> [DATA FOR THIS TASK]:
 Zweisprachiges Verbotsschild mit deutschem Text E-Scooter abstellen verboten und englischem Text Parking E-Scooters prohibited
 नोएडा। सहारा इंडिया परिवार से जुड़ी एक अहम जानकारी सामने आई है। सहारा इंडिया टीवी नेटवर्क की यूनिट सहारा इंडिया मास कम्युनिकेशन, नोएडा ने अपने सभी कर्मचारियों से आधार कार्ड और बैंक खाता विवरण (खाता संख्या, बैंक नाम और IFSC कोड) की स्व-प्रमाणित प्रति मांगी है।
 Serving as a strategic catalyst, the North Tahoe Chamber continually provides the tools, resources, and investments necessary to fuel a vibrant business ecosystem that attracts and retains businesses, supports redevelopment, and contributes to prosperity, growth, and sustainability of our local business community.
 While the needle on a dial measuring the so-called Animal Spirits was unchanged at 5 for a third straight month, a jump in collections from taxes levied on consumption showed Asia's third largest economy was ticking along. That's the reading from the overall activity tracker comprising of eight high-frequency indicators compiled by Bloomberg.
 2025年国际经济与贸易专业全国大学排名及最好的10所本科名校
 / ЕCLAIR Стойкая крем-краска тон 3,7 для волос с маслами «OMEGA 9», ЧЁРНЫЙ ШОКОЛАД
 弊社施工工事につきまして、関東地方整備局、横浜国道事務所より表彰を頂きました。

==

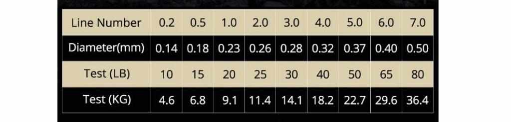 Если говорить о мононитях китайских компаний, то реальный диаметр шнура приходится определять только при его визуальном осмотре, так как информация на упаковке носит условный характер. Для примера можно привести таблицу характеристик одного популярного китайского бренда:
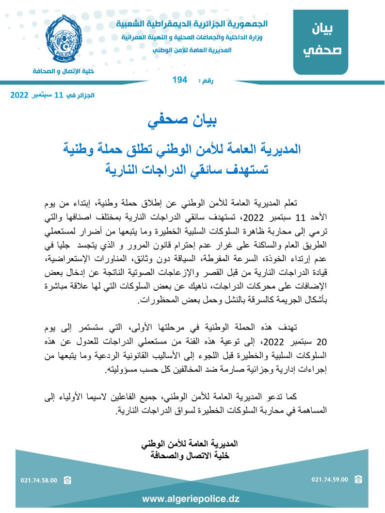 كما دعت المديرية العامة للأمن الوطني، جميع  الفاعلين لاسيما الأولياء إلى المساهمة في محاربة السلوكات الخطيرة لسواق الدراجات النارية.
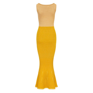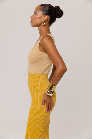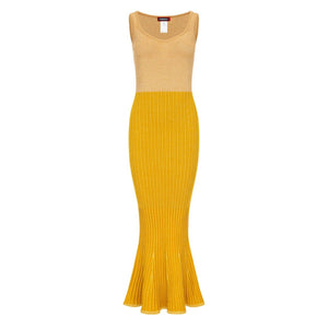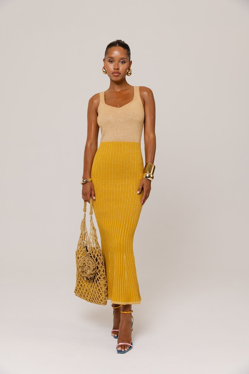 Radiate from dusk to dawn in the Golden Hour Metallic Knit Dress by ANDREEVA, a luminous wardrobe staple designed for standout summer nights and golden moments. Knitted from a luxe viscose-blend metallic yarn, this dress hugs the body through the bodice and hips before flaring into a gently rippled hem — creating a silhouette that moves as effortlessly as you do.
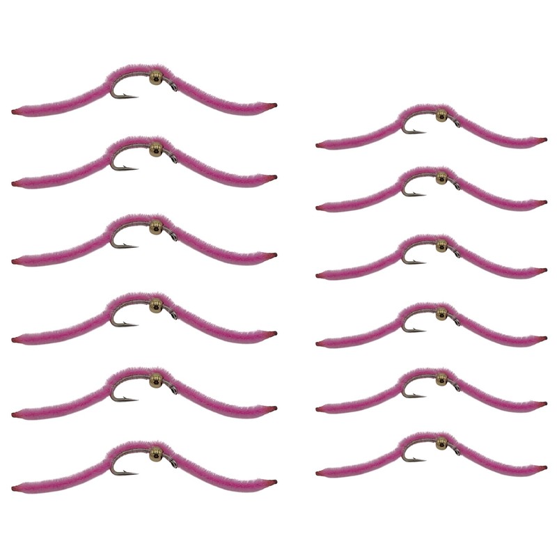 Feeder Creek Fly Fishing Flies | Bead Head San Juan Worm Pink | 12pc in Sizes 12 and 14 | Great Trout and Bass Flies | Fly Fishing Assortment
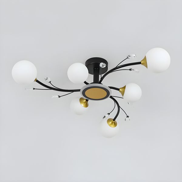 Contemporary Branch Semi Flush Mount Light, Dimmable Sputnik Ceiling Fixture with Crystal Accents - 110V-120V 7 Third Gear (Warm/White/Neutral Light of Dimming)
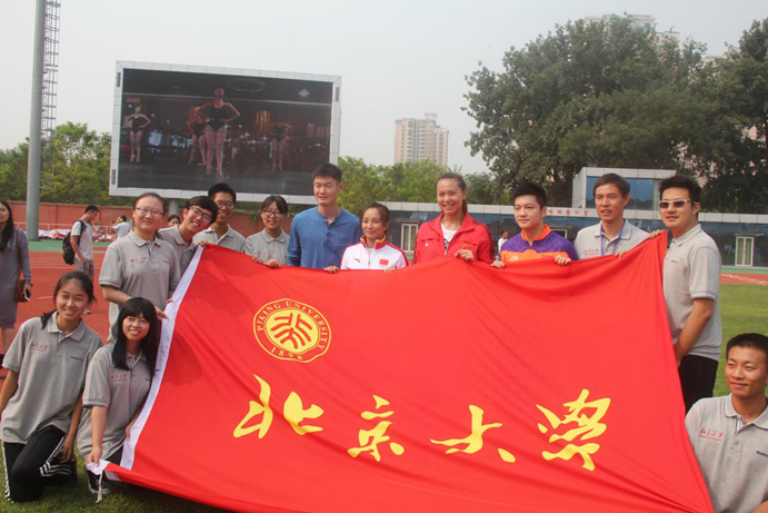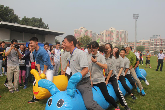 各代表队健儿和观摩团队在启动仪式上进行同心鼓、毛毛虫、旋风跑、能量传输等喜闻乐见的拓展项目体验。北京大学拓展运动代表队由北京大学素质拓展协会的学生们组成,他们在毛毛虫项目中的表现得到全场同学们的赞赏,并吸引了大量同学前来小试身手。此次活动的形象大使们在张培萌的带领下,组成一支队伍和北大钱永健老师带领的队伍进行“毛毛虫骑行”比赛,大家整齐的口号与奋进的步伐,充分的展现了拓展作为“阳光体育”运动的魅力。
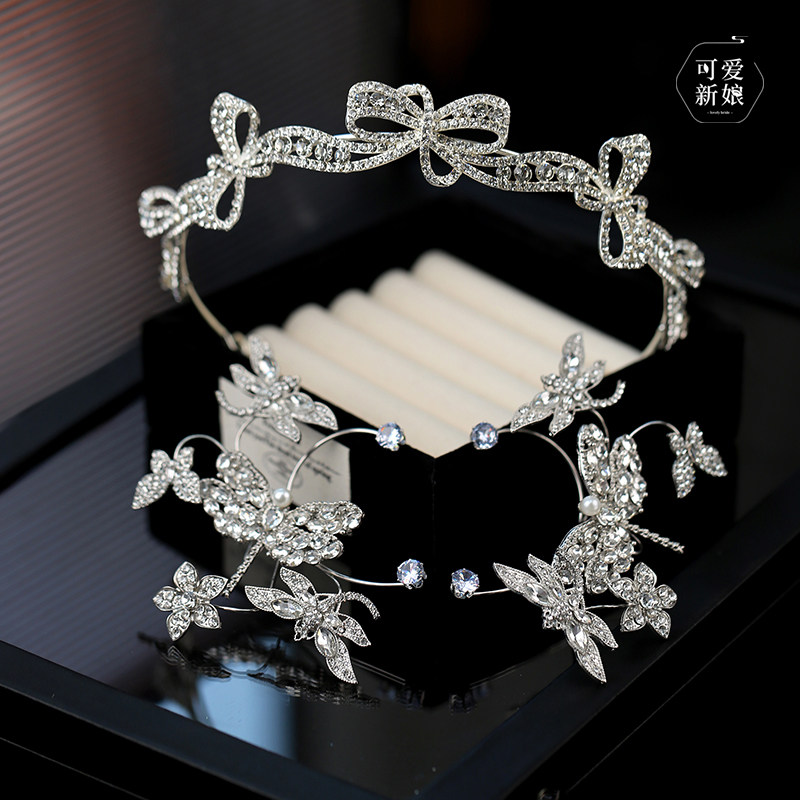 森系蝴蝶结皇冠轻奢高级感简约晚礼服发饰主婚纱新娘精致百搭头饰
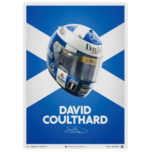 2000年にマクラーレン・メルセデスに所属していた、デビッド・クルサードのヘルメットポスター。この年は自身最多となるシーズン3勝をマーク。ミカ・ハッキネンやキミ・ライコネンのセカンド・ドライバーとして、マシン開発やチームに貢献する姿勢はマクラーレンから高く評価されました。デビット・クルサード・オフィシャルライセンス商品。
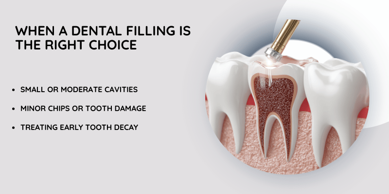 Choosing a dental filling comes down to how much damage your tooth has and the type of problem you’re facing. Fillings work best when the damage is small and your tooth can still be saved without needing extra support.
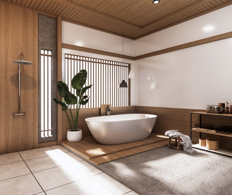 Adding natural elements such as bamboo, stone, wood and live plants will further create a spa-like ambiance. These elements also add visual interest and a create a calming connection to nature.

> [EXERCISE OBJECTIVE]:
Transcribe, exactly and without pictures, everything in the data from the line with "2000年にマクラーレン・メ" down to the line with "Adding natural elements", both included.

> [RESPONSE]:
 2000年にマクラーレン・メルセデスに所属していた、デビッド・クルサードのヘルメットポスター。この年は自身最多となるシーズン3勝をマーク。ミカ・ハッキネンやキミ・ライコネンのセカンド・ドライバーとして、マシン開発やチームに貢献する姿勢はマクラーレンから高く評価されました。デビット・クルサード・オフィシャルライセンス商品。
 Choosing a dental filling comes down to how much damage your tooth has and the type of problem you’re facing. Fillings work best when the damage is small and your tooth can still be saved without needing extra support.
 Adding natural elements such as bamboo, stone, wood and live plants will further create a spa-like ambiance. These elements also add visual interest and a create a calming connection to nature.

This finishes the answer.